WHAT TO PRODUCE.
Each entry below must be repeated exactly, with pictures left out.
_ _ _ _
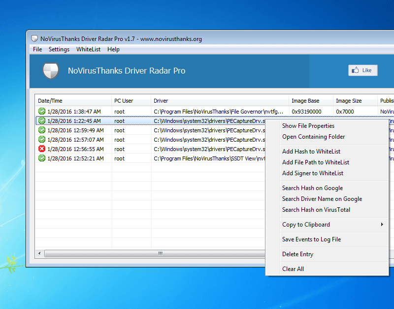 โดยตัวผู้ใช้งานสามารถใช้ โปรแกรมจัดการไดร์เวอร์ Driver Radar Pro ในการค้นหาข้อมูลทั่วไปของไดร์ฟเวอร์ที่ติดตั้งอยู่ในเครื่อง ผ่าน Google ได้ หรือจะค้นหาผ่าน VirusTotal ว่ามันเป็นไวรัสแอบแฝงหรือเปล่า ก็ได้เช่นกัน และยังสร้างรายการที่ปลอดภัย (WhiteList) เพื่อแยกรายการไดร์เวอร์ (Driver) ออกมาเก็บไว้ได้ นอกจากนี้ยังสามารถใช้ปิดการทำงานของ Kernel Drivers ได้อีกด้วย หรือจะก็อปปี้ไว้ก่อนเพื่อป้องกันความผิดพลาดก็ได้ เรียกได้ว่ามันเป็นโปรแกรมที่ใช้จัดการเกี่ยวกับไดร์เวอร์ที่มีฟีเจอร์ค่อนข้างครบวงจรเลยทีเดียว
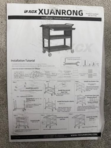 The XCX Three Tier Tool Cart is a nice addition to my workshop. I am using it to store all of my metal cutting tools (see Figure 1). In terms of quality, it is has some dimensional irregularities that make some parts an inexact fit (see Figure 2). It comes disassembled with a single page of instructions (Figure 3).
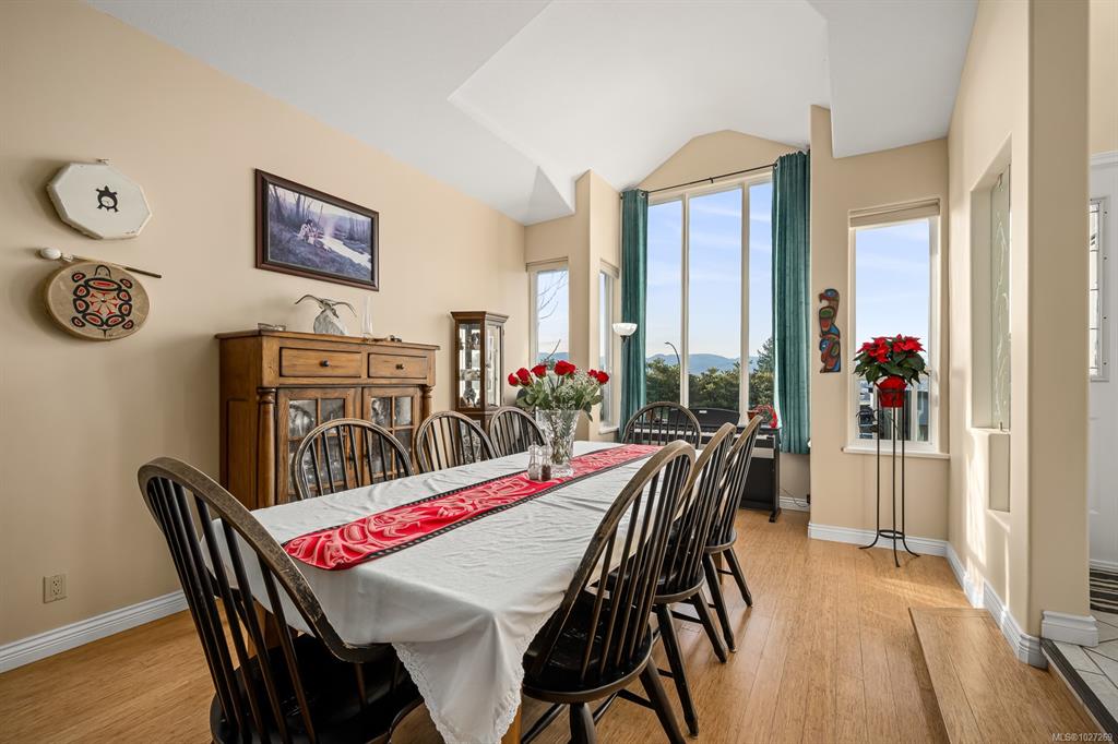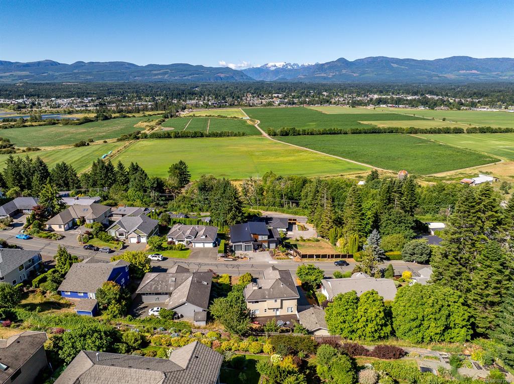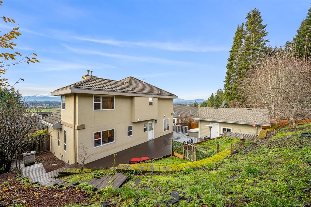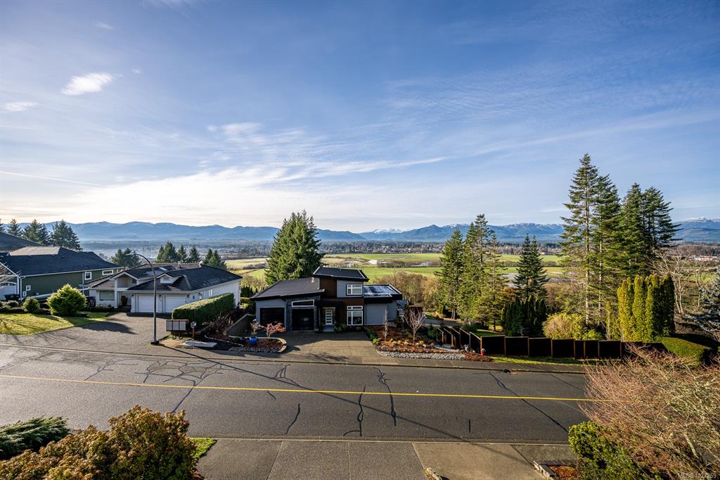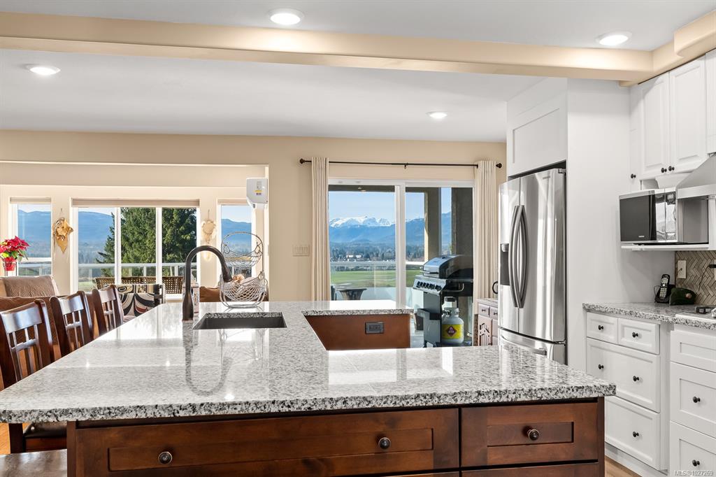 $100,000+ below assessed value! 3,766 sq ft three level multi generational living with suite potential and views of the Comox Glacier, Mount Washington, Coastal mountains, lush farmland and city lights! Designed to capture the scenery, the home features extensive windows that fill the interior with natural light. The main living rooms boasts 12ft cathedral ceilings and a gas fireplace, currently styled as an elegant dining area. The updated kitchen includes a large island, stainless appliances with gas sto...
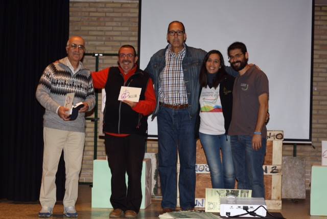nota.- en la foto aparecen, desde la izquierda, tres de los fundadores del Movimiento Calasanz en Montequinto (Daniel, Juanjo y Roberto) y a continuación dos de los responsables actuales (Regina y Manu)
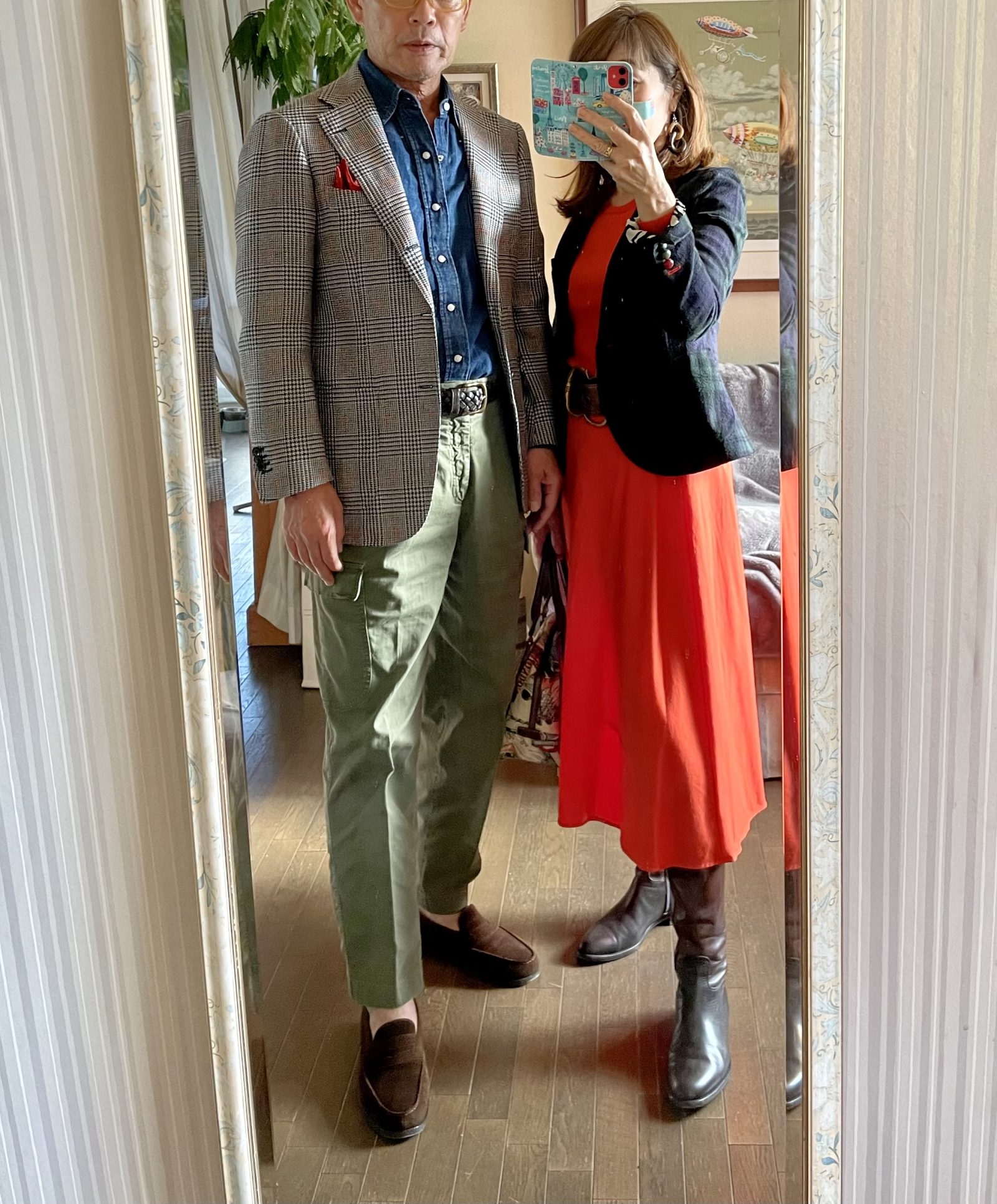 今回のコーデは、落ち着いたトラディショナルスタイルに鮮やかな色を取り入れた夫婦コーデです。
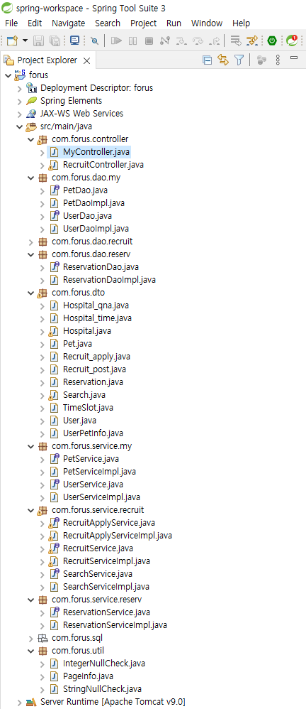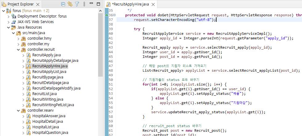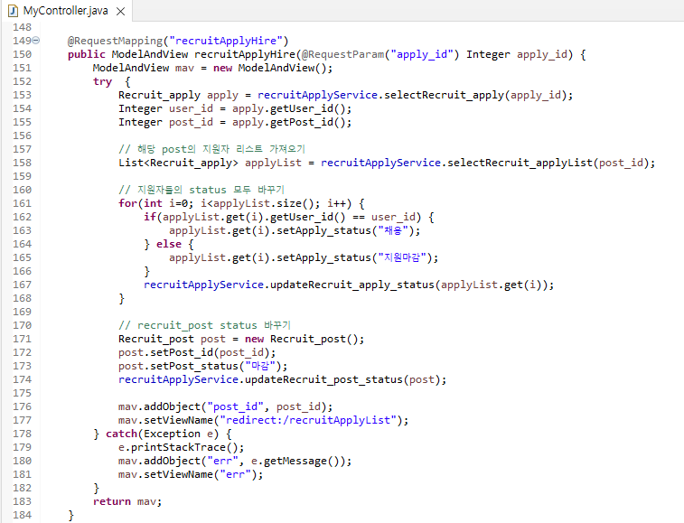기존의 recruitApplyHire.java servlet 파일이 MyController의 함수로 변경
_ _ _ _
SOLVED PROBLEM.
 โดยตัวผู้ใช้งานสามารถใช้ โปรแกรมจัดการไดร์เวอร์ Driver Radar Pro ในการค้นหาข้อมูลทั่วไปของไดร์ฟเวอร์ที่ติดตั้งอยู่ในเครื่อง ผ่าน Google ได้ หรือจะค้นหาผ่าน VirusTotal ว่ามันเป็นไวรัสแอบแฝงหรือเปล่า ก็ได้เช่นกัน และยังสร้างรายการที่ปลอดภัย (WhiteList) เพื่อแยกรายการไดร์เวอร์ (Driver) ออกมาเก็บไว้ได้ นอกจากนี้ยังสามารถใช้ปิดการทำงานของ Kernel Drivers ได้อีกด้วย หรือจะก็อปปี้ไว้ก่อนเพื่อป้องกันความผิดพลาดก็ได้ เรียกได้ว่ามันเป็นโปรแกรมที่ใช้จัดการเกี่ยวกับไดร์เวอร์ที่มีฟีเจอร์ค่อนข้างครบวงจรเลยทีเดียว
 The XCX Three Tier Tool Cart is a nice addition to my workshop. I am using it to store all of my metal cutting tools (see Figure 1). In terms of quality, it is has some dimensional irregularities that make some parts an inexact fit (see Figure 2). It comes disassembled with a single page of instructions (Figure 3).
 $100,000+ below assessed value! 3,766 sq ft three level multi generational living with suite potential and views of the Comox Glacier, Mount Washington, Coastal mountains, lush farmland and city lights! Designed to capture the scenery, the home features extensive windows that fill the interior with natural light. The main living rooms boasts 12ft cathedral ceilings and a gas fireplace, currently styled as an elegant dining area. The updated kitchen includes a large island, stainless appliances with gas sto...
nota.- en la foto aparecen, desde la izquierda, tres de los fundadores del Movimiento Calasanz en Montequinto (Daniel, Juanjo y Roberto) y a continuación dos de los responsables actuales (Regina y Manu)
 今回のコーデは、落ち着いたトラディショナルスタイルに鮮やかな色を取り入れた夫婦コーデです。
기존의 recruitApplyHire.java servlet 파일이 MyController의 함수로 변경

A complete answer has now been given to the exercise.